Temat: Re: kruszczyki Epipactis - OT
Od: Marta Góra <m...@h...pl> szukaj wiadomości tego autora

Dnia Thu, 19 Jul 2007 10:02:34 +0200, Katarzyna Tkaczyk napisał(a):

> Użytkownik "Marta Góra" <m...@h...pl> napisał w wiadomości
> news:aal20u69p224.1byftzzirkwx4$.dlg@40tude.net...
>
>>>
>> powinny mnie nawrócić na jedynie
>> słuszną, kruszczykową drogę.
>
> Nikt nie chce ciebie nawraca na kruszczykową droge. Jesli Ewa zakłada wątek
> o kruszczykach, to nie rozumiem po co wywołujesz dyskusję na temat wyższosci
> odkurzacza nad szafą (bo tak się mają kruszczyki do języczek). Jeśli nie
> znasz/nie lubisz/nie uprawiasz/nie interesują cię to zwyczajnie nie zabieraj
> głosu. Idąc za ciosem, gdyby pod każdym pytaniem o jakąś roślinkę, każdy
> grupowicz napsiałby, że woli uprawiać coś innego, to wątki wyglądalyby
> delikatnie mówiąc idiotycznie.
>

Nie lubię też krwiście czerwonych róż i róż wielkokwiatowych, nie podobają
mi się, nie uprawiam i niezbyt mnie interesują, czesto o tym piszę w
wątkach różanych, dokładnie w ten sam sposób prosty i czytelny sposób -
podmiot i orzeczenie, ale jakoś do tej pory Cię to nie oburzało?
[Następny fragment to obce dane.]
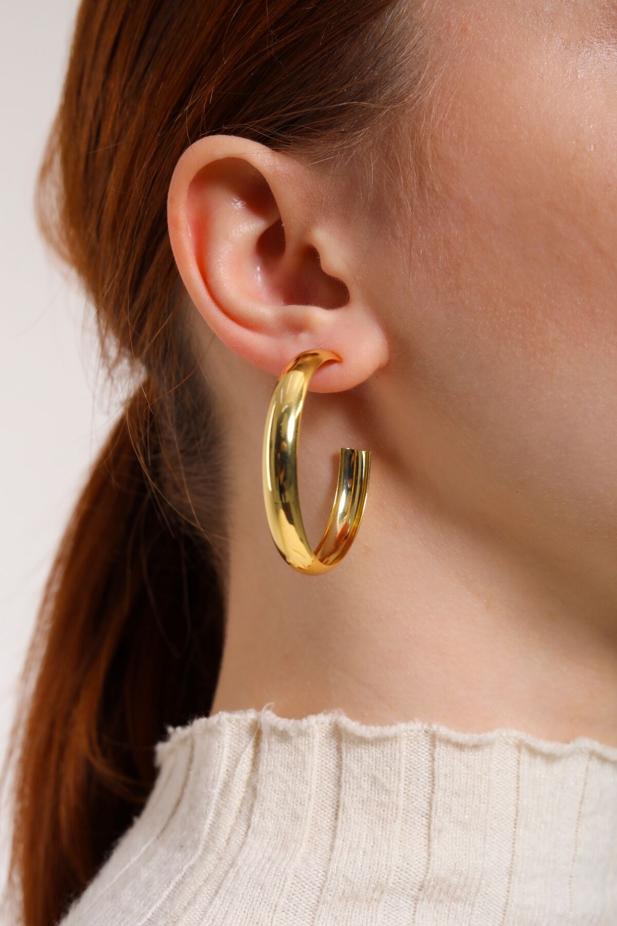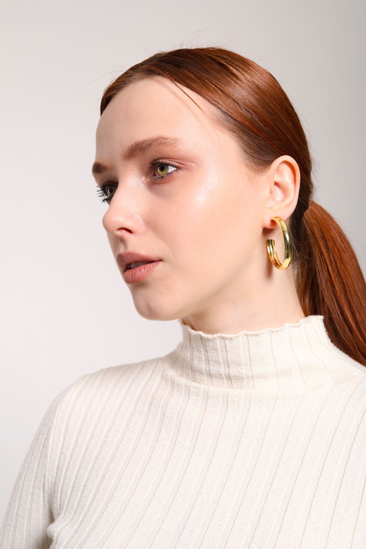 Aurrari 2'li İnce Düz Halka Parlak Yüzey Altın Kaplama Küpe Seti, modern ve zarif tasarımı ile öne çıkan bir takı koleksiyonudur. İki adet halka şeklindeki küpe, klasik ve estetik tarzı seven kadınlar için mükemmel bir seçenektir. Kullanım: Bu özel set, özel günlerde şıklık ve zarafet arayan kadınlar için idealdir. Şık ve resmi kıyafetlerle mükemmel bir uyum sağlar. Kulak deliğine takılabilen bu çivi küpeler, plastik kapama aparatı ile kolayca kilitlenir. Tasarım: Geniş düz halka tasarımı, modern ve minimalist bir tarza sahiptir. Zarif ve sade görünümü, günlük kullanım ve özel günler için uygundur. İnsanlık tarihinin en eski takı tasarımlarından biri olan halka motifini şık bir dokuyla sunar. Hammadde: Ürün, yüksek kaliteli metallerin alaşımından üretilmiştir. Sağlam ve uzun ömürlü bir yapıya sahiptir. Altın kaplamadır ve son derece parlak bir yüzeye sahip olup, uzun süre parlığını korur. Kararma: Parfüm, krem, dezenfektan, alkol gibi kimyasal maddelerle temas etmediğinde kararma yapmaz, uzun süre parlaklığını muhafaza eder. Temizlik: Aurrari Bijuteri ürünleri, temiz ve yumuşak bir bezle silinerek kolayca temizlenebilir ve doğal ışıltısına kavuşabilir. Sağlık: Kaliteli metal alaşımından üretildiği için vücuda zarar vermez. Alaşım nikel içermediğinden alerji yapma riski taşımaz.

Dlaczego?
Wyjaśnij mi tę różnicę... A może brak zachwytu na widok kruszczyka jest
passe? A nazywanie pięknych (dla mnie) i ogólnie dostępnych języczek
"żółtym wiechciem" trendy?

>>> Ale czy jest coś złego w tym, że tak jest, lub w tym, że o
>>> tym piszę?
>>
>
> No i ja w ogóle nie pojmuję twojego oburzenia. Jeśli wywołujesz dyskusje
> celowo urażając innych, to powinnaś liczyc się z ich reakcją. Inteligentna
> jesteś, elowentna rownież, wiedzę masz ale empatii ci brak niestety.
>>
>

Nie oburzenie lecz zdziwienie bo moim przekonaniu nikogo nie urażałam a na
pewno nie celowo. Pisałam jasno i zrozumiale o SWOIM ogrodzie i o tym co w
nim mi się może podobac a co nie. Mam wrażenie, że czytasz nie to co jest
napisane ale to co chcesz przeczytać.
Do listy moich wad i zalet spokojnie możesz dopisać starczą złośliwość,
wrodzoną niechęć do klakierstwa i hipokryzji oraz całkiem niezłą pamięć.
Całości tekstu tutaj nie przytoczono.